Research in MAVI

There are two major research areas in which MAVI is being used as a prototype platform.

  • Design Space Exploration
  • When it comes to building complex systems such as MAVI, it is not known in advance which hardware configurations would be the most suited for the set of applications being targeted. In fact, the designer usually encounters a huge design space from which one has to choose the components and their operating points for the system. This decision, typically, is based on some approximate spreadsheet calculations or just the designer's/team's experience. We aim to create a framework to enable application metrics based exploration of the design space.

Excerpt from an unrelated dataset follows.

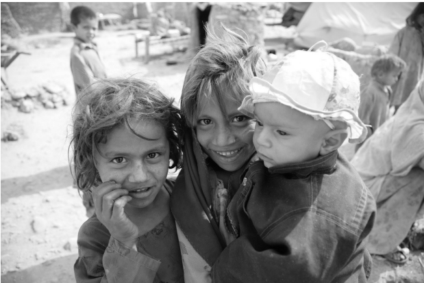
Afghanische Kinder, in Pakistan geboren.

Im Verlaufe der letzten 5 Jahre ist Resettlement in Pakistan nur in einzelnen Fällen als Instrument zur individuellen Verbesserung der Schutzsituation eingesetzt worden. Zwischen 2006 und 2010 wurden lediglich 530 Personen aus Pakistan in aufnahmebereiten Drittstaaten neu angesiedelt (2010 – 166 Personen, 2009 – 115 Personen, 2008 – 62 Personen, 2007– 64 Personen, 2006 – 123 Personen). Der tatsächliche Resettlement-Bedarf ist jedoch wesentlich größer. Die pakistanische Regierung hat wiederholt eine effektivere internationale Lastenteilung durch verstärkte Resettlement-

  • Sensor Fusion for System Optimization
  • Complex systems have a great variety of sensors for capturing the analog world. However, most of the sensors perform well only in a limited set of conditions. Therefore, it becomes necessary for the system to be able to choose which sensors should be used in what scenario. For example, RGB Cameras provide low quality imaging in dark conditions while Depth images formed through IR scans are very defective in bright sunlight. If we were to keep all the sensors working at the same time, it would be a terrible waste of energy. Therefore, use of context and real time conditions can be useful in selection of sensors which can be used in the specific environment.


    1. Kedia, Rajesh*, Anupam Sobti*, Mukund Rungta, Sarvesh Chandoliya, Akhil Soni, Anil Kumar Meena, Chrystle Myrna Lobo, Richa Verma, M. Balakrishnan, and Chetan Arora. "MAVI: Mobility Assistant for Visually Impaired with Optional Use of Local and Cloud Resources." In 2019 32nd International Conference on VLSI Design and 2019 18th International Conference on Embedded Systems (VLSID), pp. 227-232. IEEE, 2019.

    *Equal Contribution

    2. Sobti, Anupam, Chetan Arora, and M. Balakrishnan. "Object Detection in Real-Time Systems: Going Beyond Precision." In 2018 IEEE Winter Conference on Applications of Computer Vision (WACV), pp. 1020-1028. IEEE, 2018.

    3. Kedia, Rajesh, K. K. Yoosuf, Pappireddy Dedeepya, Munib Fazal, Chetan Arora, and M. Balakrishnan. "Mavi: An embedded device to assist mobility of visually impaired." In 2017 30th International Conference on VLSI Design and 2017 16th International Conference on Embedded Systems (VLSID), pp. 213-218. IEEE, 2017.